Álvaro Soler singles chronology
| "La cintura" (2018) | "Loca" (2019) | "La libertad" (2019) |

Music video
- "Loca" on YouTube

= Loca (Álvaro Soler song) =

"Loca" (English: Crazy) is a song by Spanish singer-songwriter Álvaro Soler. It was released on 25 January 2019 as a non-album single. The song was written by Soler, Ali Zuckowski, Jakke Erixson, Rabitt and Simon Triebel.

==Music video==
The music video for "Loca" was released on Álvaro Soler's YouTube channel on 25 January 2019. It features Soler singing the song in Tokyo, Japan, a city in which he lived for seven years.
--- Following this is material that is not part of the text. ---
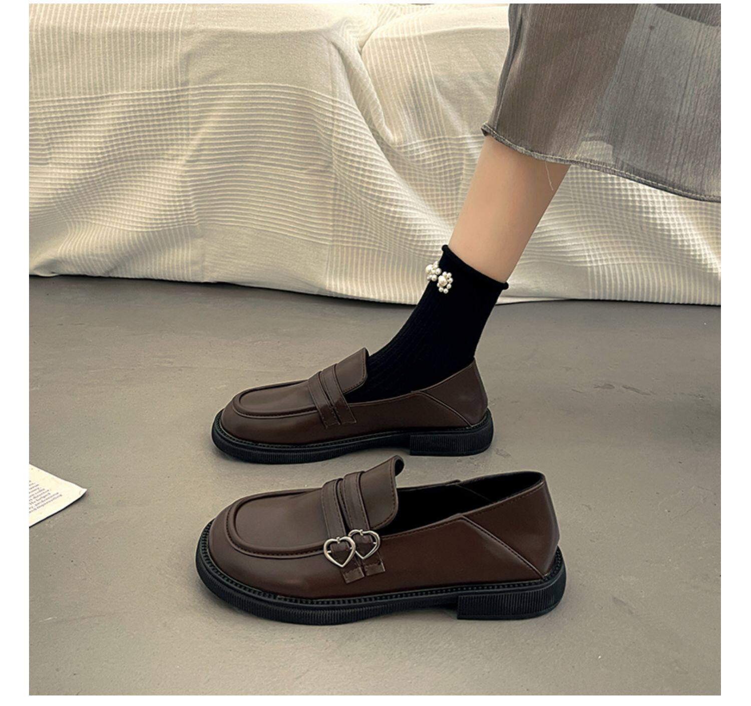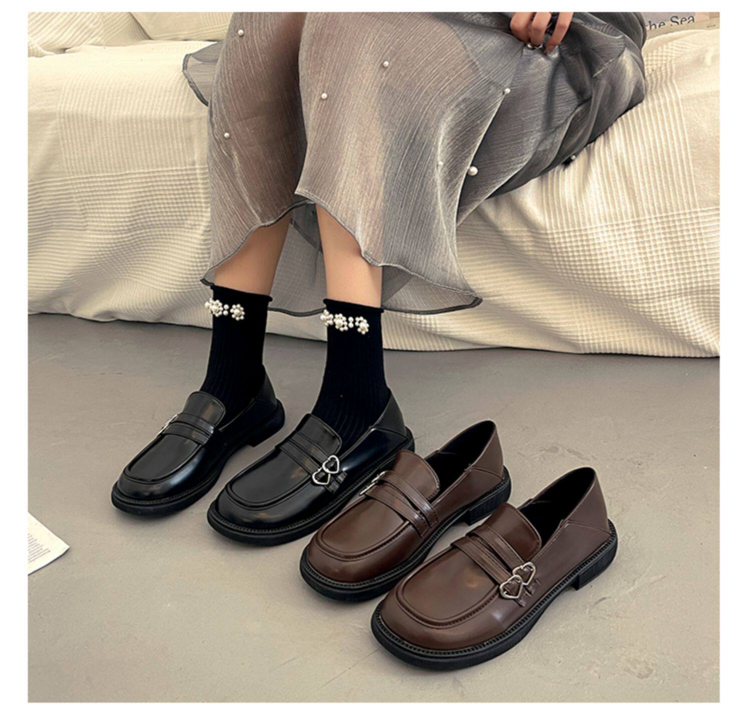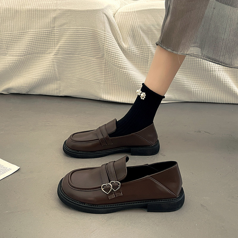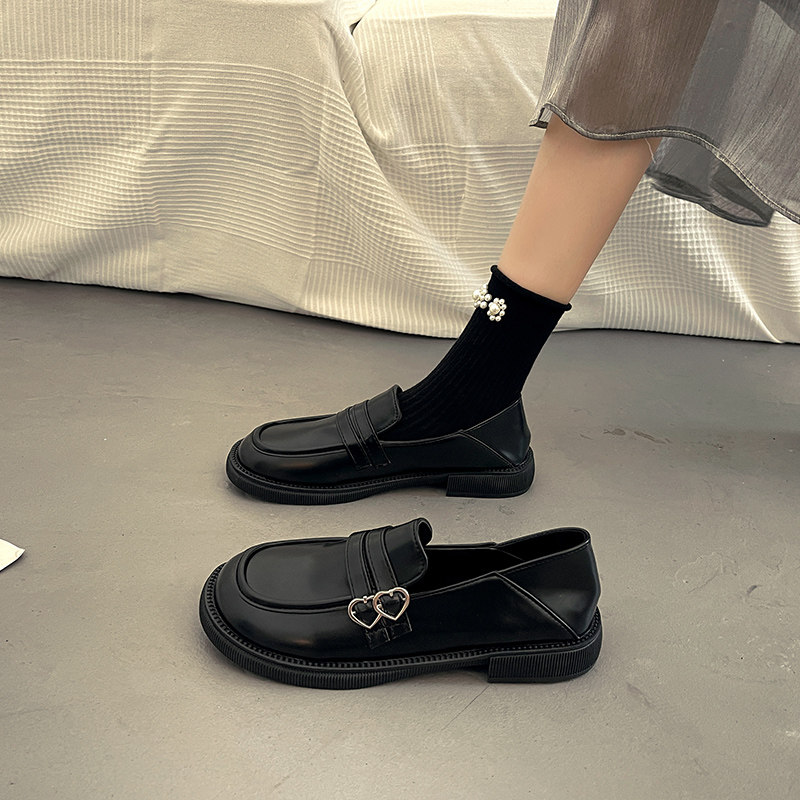 Весенняя обувь в английском стиле для кожаной обуви, черные лоферы, французский стиль, в британском стиле

As of 8 March 2019, the video has over 9 million views.

==Charts==

===Weekly charts===

| Chart (2019) | Peak position |
|---|---|
| Belgium (Ultratop 50 Flanders) | 21 |
| Netherlands (Dutch Top 40) | 16 |
| Netherlands (Single Top 100) | 57 |
| Poland Airplay (ZPAV) | 12 |
| Switzerland (Schweizer Hitparade) | 95 |

===Year-end charts===

| Chart (2019) | Position |
|---|---|
| Belgium (Ultratop Flanders) | 82 |
| Netherlands (Dutch Top 40) | 75 |

==Certifications==

| Region | Certification | Certified units/sales |
| Netherlands (NVPI) | Gold | 40,000^{‡} |
| Poland (ZPAV) | Gold | 25,000^{‡} |
^{‡} Sales+streaming figures based on certification alone.